The Skill India Mission faces numerous challenges. Many current vocational training programs do not meet their demands. There is a problem of social acceptability when it comes to vocational education. Vocational courses are looked down upon and this needs to change. Another factor that acts as an obstacle to skill development in India is the myriad labor laws. The government has however started simplifying and codifying the labor laws. With simpler laws, practicing skill development should be easier. Changing technology is a big challenge and opportunity for the labor force. Employees will have to constantly upgrade their skills if they are to remain relevant in the job market. There is also a severe lack of infrastructure in the current training institutes. Another problem is the poor quality of trainers available. Students trained by such trainers are not competent enough to be employable in the industry. There is a huge issue with the standardization of skills in the country.

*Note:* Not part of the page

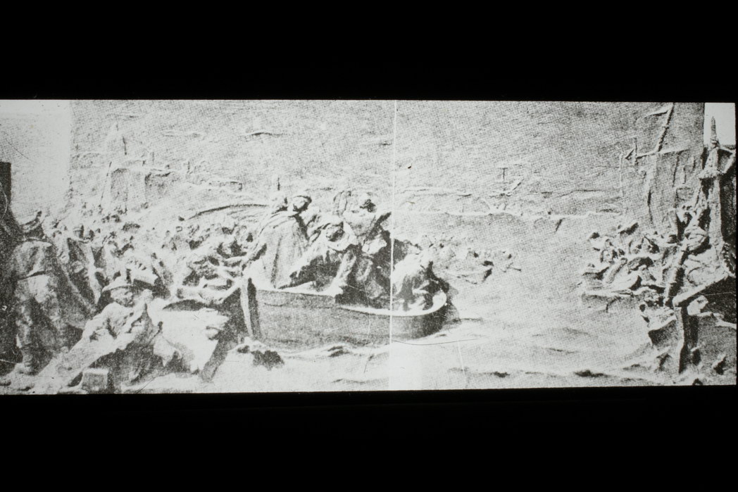 Disegni - Partenza dei Mille; Disegno raffigurante la partenza dei Mille (diapositiva)

New schemes are being structured to resolve this issue by having nationwide standards that comply with international benchmarks.
Concurrently, skill development among rural women is the need of the hour to make them confident, self-reliant and to develop in them the ability to be a part of the decision-making at home and outside. According to CSO, 59.30% of rural women are self-employed and the male ratio is 54.50%. This indicates that the government has been undertaking proactive steps to converge entrepreneurship in India towards the development of rural women. Through the 2nd phase of Pradhan Mantri Kaushal Vikas Yojana, around 68.12 lakhs of women had undergone skill training. And also, around 4.08 lakh women had undergone training during 2018-2020, and Industrial Training Institutes (ITI) had completed training of 38.72 lakh women.
It can thus be concluded that the Skill India Mission is a well-formulated government policy with an extensive base and strong structural organization of executive cadre in the form of various agencies and councils. The policy is also being implemented successfully on a mega-scale. However, due to our country’s huge population, which is largely uneducated and undertrained in required skills, the mission continues to face several of the aforementioned challenges. The vast unorganized informal sector of the country needs to be targeted more sharply. This can be done through increased Public-Private partnerships and the promotion of alternative education and skill development at an early age in schools.
Aditi Agarwal is pursuing her undergraduate degree in political science from Lady Shri Ram College, Delhi University, and a policy-research enthusiast.
(The opinions expressed in this publication are those of the author/s. They do not purport to reflect the opinions or views of The Policy Observer or our members.)